» **Information given**:
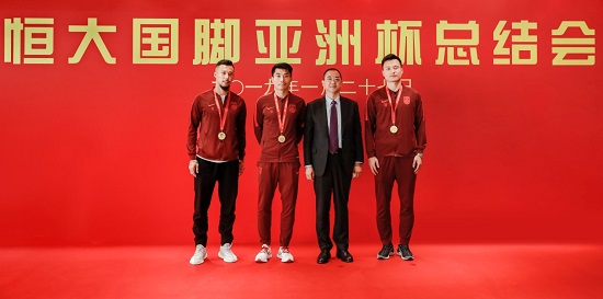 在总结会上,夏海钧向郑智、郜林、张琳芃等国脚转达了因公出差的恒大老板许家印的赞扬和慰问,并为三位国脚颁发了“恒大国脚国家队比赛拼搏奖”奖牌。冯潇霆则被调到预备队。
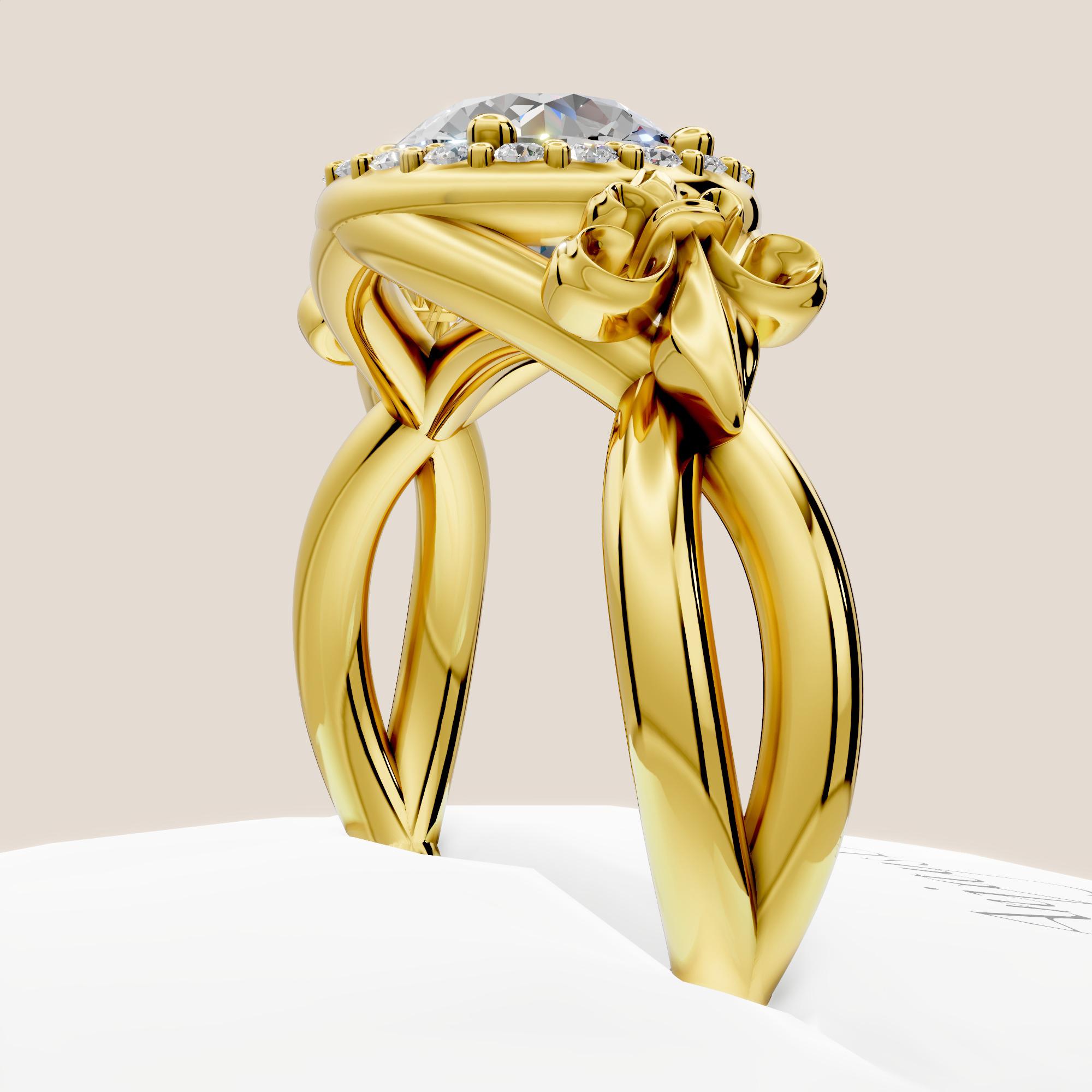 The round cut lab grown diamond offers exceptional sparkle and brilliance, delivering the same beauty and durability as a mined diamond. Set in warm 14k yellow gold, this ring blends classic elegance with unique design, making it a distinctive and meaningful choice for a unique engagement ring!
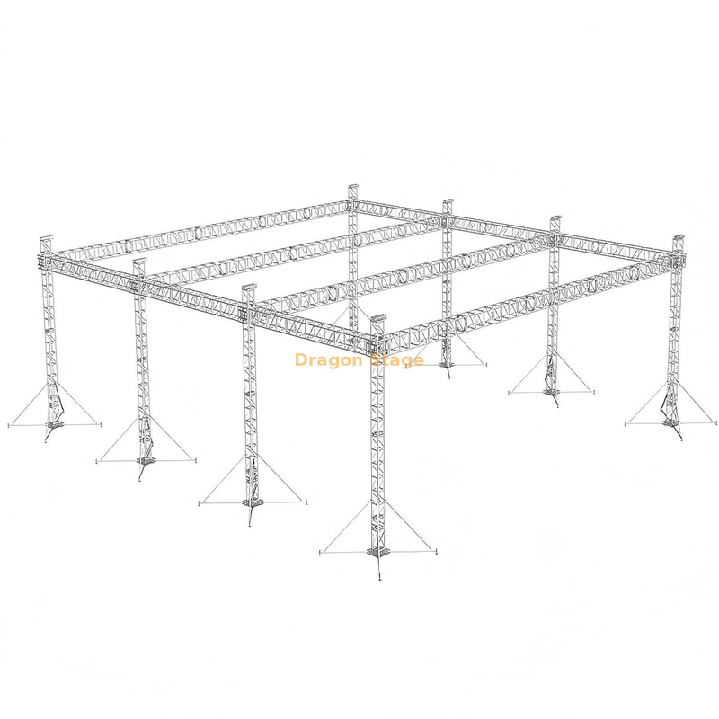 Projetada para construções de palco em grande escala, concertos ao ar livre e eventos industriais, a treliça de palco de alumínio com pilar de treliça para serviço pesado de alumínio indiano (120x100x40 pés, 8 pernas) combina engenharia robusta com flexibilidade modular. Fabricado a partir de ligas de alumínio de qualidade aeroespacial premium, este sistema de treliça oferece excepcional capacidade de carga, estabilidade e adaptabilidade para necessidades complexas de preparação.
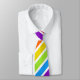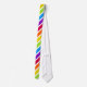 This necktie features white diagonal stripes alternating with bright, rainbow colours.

* * *

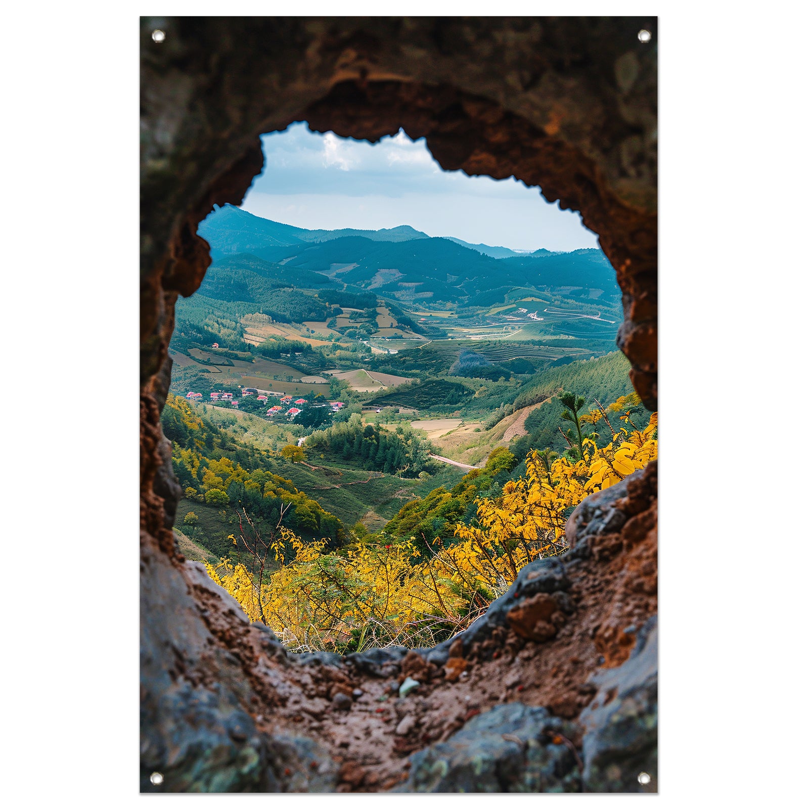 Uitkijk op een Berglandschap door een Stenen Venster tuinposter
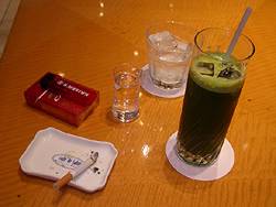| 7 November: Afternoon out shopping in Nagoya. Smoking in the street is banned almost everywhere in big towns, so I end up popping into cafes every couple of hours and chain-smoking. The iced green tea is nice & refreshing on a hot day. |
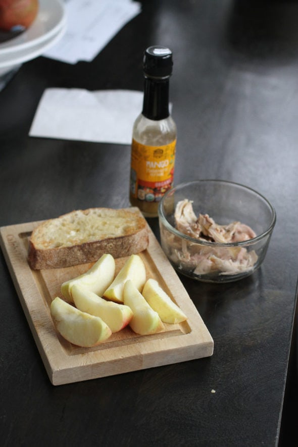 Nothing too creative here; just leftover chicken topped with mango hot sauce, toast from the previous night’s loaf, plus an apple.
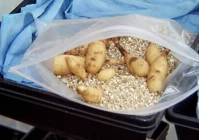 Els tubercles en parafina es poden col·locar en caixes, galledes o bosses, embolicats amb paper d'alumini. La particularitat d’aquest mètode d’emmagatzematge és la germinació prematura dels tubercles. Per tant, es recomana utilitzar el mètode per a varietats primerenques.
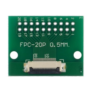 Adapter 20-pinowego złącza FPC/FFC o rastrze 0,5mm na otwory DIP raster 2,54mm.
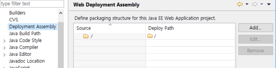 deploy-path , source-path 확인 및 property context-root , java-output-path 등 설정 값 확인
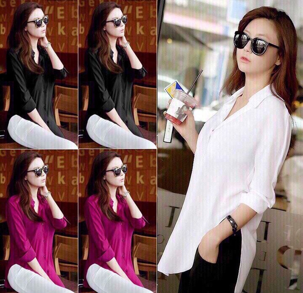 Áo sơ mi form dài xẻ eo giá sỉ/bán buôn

...

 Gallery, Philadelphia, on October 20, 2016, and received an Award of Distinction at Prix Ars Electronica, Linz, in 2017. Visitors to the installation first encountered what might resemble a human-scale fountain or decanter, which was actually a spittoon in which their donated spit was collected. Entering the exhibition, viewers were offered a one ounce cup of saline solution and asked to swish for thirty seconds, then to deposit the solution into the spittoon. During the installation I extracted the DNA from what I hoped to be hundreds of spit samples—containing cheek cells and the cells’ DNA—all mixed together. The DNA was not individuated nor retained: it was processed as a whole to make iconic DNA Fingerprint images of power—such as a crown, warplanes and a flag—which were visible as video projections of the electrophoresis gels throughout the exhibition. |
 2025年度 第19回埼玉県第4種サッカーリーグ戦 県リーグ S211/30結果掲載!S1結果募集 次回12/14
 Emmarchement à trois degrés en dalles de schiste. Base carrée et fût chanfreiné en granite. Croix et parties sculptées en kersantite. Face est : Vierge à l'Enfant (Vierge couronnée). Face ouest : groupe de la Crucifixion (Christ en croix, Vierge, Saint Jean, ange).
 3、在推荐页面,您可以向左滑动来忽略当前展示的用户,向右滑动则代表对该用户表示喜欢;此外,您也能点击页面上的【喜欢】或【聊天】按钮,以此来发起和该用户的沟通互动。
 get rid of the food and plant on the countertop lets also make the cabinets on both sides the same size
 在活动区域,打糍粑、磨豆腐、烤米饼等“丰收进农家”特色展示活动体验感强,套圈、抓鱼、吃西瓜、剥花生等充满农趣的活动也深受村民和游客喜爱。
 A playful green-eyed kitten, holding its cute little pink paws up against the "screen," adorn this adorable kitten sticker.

» **Assigned task**: Working from the records above, set down word for word everything from the line containing "Adapter 20-pinowego złącza" down to the line containing "Áo sơ mi form dài xẻ eo giá sỉ/bán buôn", ends included, minus the pictures.

» **Result of this exercise**:
 Adapter 20-pinowego złącza FPC/FFC o rastrze 0,5mm na otwory DIP raster 2,54mm.
 deploy-path , source-path 확인 및 property context-root , java-output-path 등 설정 값 확인
 Áo sơ mi form dài xẻ eo giá sỉ/bán buôn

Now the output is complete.